Summer 2021

Northern flights

Northern flights

Canadian North provides a vital lifeline for remote settlements but, in doing so, is regularly confronted by the impact of climate change

Given the amount of arguments surrounding the role aviation has to play in both connecting people but also causing global warming, it is astonishing to find a single airline that perfectly encapsulates the dilemma.

But listening to Canadian North President and CEO Chris Avery speaking online at the CAPA Live event in May is to be reminded of both the importance and the impact that aviation has on the modern world.

On the positive side, the airline is completely owned by the Inuit population who are indigenous to Canada’s Arctic north and who view the airline, which covers 40 per cent of the country’s landmass but serves just 1 per cent of its population, as a vital lifeline.

However, with aircraft emissions believed to be a significant contributor to global warming Avery says he is regularly confronted by the changes to the world’s climate and the unknown damage aviation does to it.

Avery says: “As I travel up north with my board chairman and other board members who live in the north, they will point to a bay and say, ‘in the middle of winter … when I was a kid, we walked across this bay to the other side and that’s where we would hunt’.

“Now, you can look across but you can’t walk across anymore, the water is still there and it hasn’t frozen over, despite it being at the peak of winter. We see firsthand through the communities we serve, our customers and our ownership group, the impact of global warming. We feel a strong responsibility for that.”

Vital connections
However, despite the regular reminder of the harm global warming is doing to the planet, Avery maintains Canadian North is needed to operate the services required to maintain the communities as they live and work in their traditional homelands.

And these services are highly varied, just as life is in that extreme an environment. At its most basic the airline delivers essential groceries including bread and milk but is also on hand to supply medical transport in emergencies.

Avery says: “We are the highways and the roads for most of the communities because most of the communities we serve are not accessible by roads, not accessible by rail but maybe accessible by sea, for about two months of the year. So we provide an essential service.”

Following a merger with rival Canadian airline First Air in November 2019, the services are operated by a fleet of 31 aircraft, including four combi aircraft, and revenues are raised through three streams: cargo, scheduled passengers and charter. However, operating that far north Avery says the weather can have far more of an impact on operations than it does in much of the rest of the world.
He adds: “It’s a harsh environment. In our airports there are times when the temperature gets to a certain degree low enough that it’s below the operational capabilities of the aircraft.”

Avery says the airline’s cargo business has been boosted by its working relationship with Amazon, which has been one of the winners of the Covid-19 pandemic as ecommerce boomed.
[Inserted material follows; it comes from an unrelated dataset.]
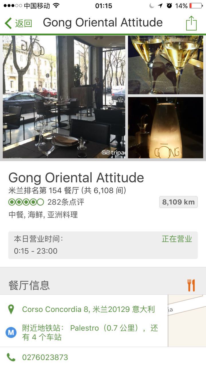 1. Gong Oriental Attitude:亚洲料理,在附近办事无意间发现的,距离大教堂3km不到,是米其林指南 (Michelin Guide) 的推荐餐厅。菜量不大,但几乎每道菜的各有特色,以至于在米兰的十天期间我们去了三次,但去之前一定要提前打电话做好预约,临时去通常都没有座位,特别是周末的晚上。推荐锅贴、春卷、红炒饭(red fried rice)、红烧肉,如果不考虑预算的话,帝王蟹、龙虾和日本和牛也都值得点,吃下来和国内的餐厅比便宜不少,关键是真正的日本和牛。
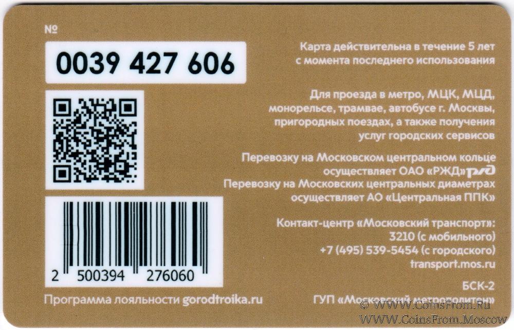 Карта залоговая (0039), действительна в течение 5 лет с момента последнего использования. Карта действительна в течение 5 лет с момента последнего использования. Для проезда в метро, МЦК, МЦД, монорельсе, трамвае, автобусе г. Москвы, пригородных поездах, а также получения услуг городских сервисов.

The airline opened a new Amazon pickup facility at Iqaluit Airport in December 2020 to cope with the additional demand generated by consumers shopping from home.

Which is just as well as, like airlines around the world, the carrier’s passenger figures fell off a cliff in March 2020 as the Covid-19 pandemic spread out across the world.

Avery says: “Essentially 80 per cent, 90 per cent of our bookings disappeared; it hit us just as hard as everyone else and then we saw the territories we serve close off their borders.”
Even now, he adds many of the restrictions, such as a two-week quarantine period, still in place in Canada continue to damage the business badly.

Avery says: “You can imagine what that does for passenger traffic for us. We support the measures because it’s a small population, a tight-knit population, and the prospects of Covid-19 are challenging for the north.

“It doesn’t have the infrastructure of the south so we support these closures, but it’s devastating for the business, as you can imagine.”

Delayed recovery
Despite the hard work by the community to protect itself, Avery says Covid-19 has made it to Canada’s northernmost regions with the territory of Nunavut having the highest level of Covid-19 recorded in the 14 months since the pandemic began.

This has resulted in the area still undergoing quarantine, with some even tighter restrictions, meaning the airline is not feeling the optimism parts of the rest of the world are beginning to experience.

Avery adds: “We aren’t seeing the positive booking trends yet, having said that… we’re optimistic about it. There will be a recovery and we believe it will be a strong recovery.

“It’s a matter of when and, maybe in the north, that might be a little later or it might be faster because it’s more essential.”

When the recovery does come, Avery is also confident that it will be in part driven by the interline agreements Canadian North shares with both Air Canada and WestJet.

“That allows us to provide an extended network to our customers and it allows both our national airlines to expand their network,” he adds.

“I would say people in the north travel a fair bit, probably more so per capita … and out of necessity than most people in Canada and maybe in North America.”